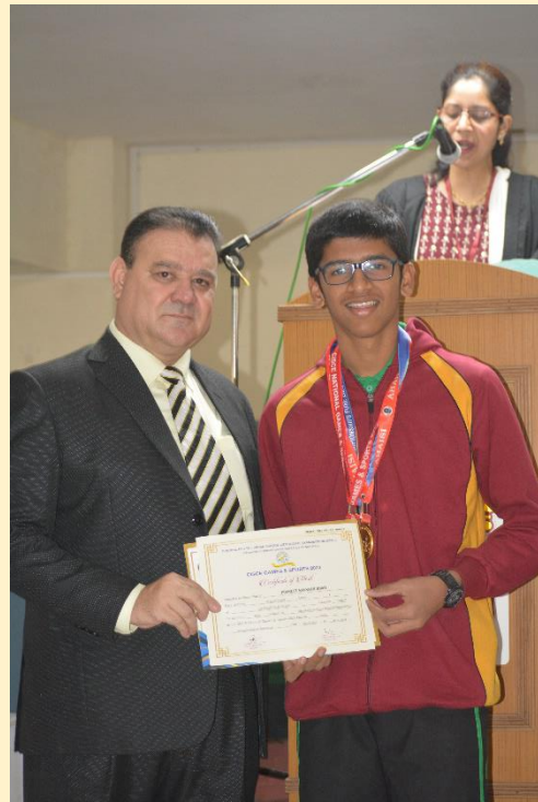
OUR HEADMASTER FELICITATING THE STUDENTS OF CLASS VIII
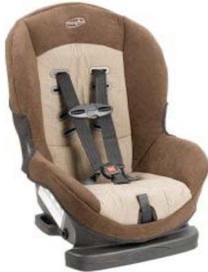
Evenflo Titan V

A child with Down syndrome may have low muscle tone. In some children, the first and second vertebrae in their neck move easily. A rear-facing car seat will better protect your child's head, neck and spine.
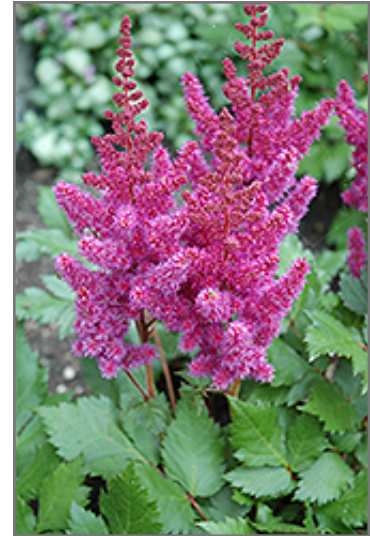
Visions Astilbe flowers
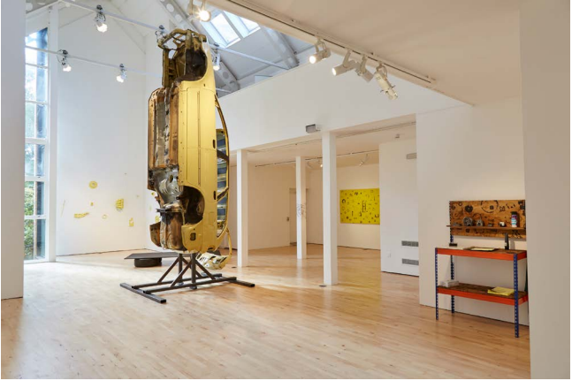
Installation view of You Say Volvo, I Say Potato, Stanley Picker Gallery, Kingston University, London, 2018.
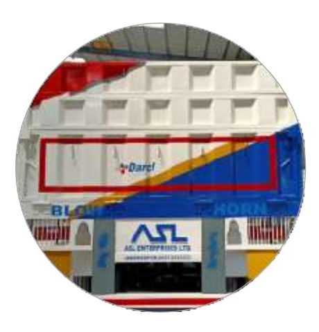
ASL Enterprises Ltd. Manufacturing Division
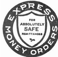
Type C various shades of blue or in black
_ _ _
WHAT YOU NEED TO DO -
Exact copy, pictures removed: set down the whole listing above.

ANSWER TO THE PROBLEM -
OUR HEADMASTER FELICITATING THE STUDENTS OF CLASS VIII
Evenflo Titan V

A child with Down syndrome may have low muscle tone. In some children, the first and second vertebrae in their neck move easily. A rear-facing car seat will better protect your child's head, neck and spine.
Visions Astilbe flowers
Installation view of You Say Volvo, I Say Potato, Stanley Picker Gallery, Kingston University, London, 2018.
ASL Enterprises Ltd. Manufacturing Division
Type C various shades of blue or in black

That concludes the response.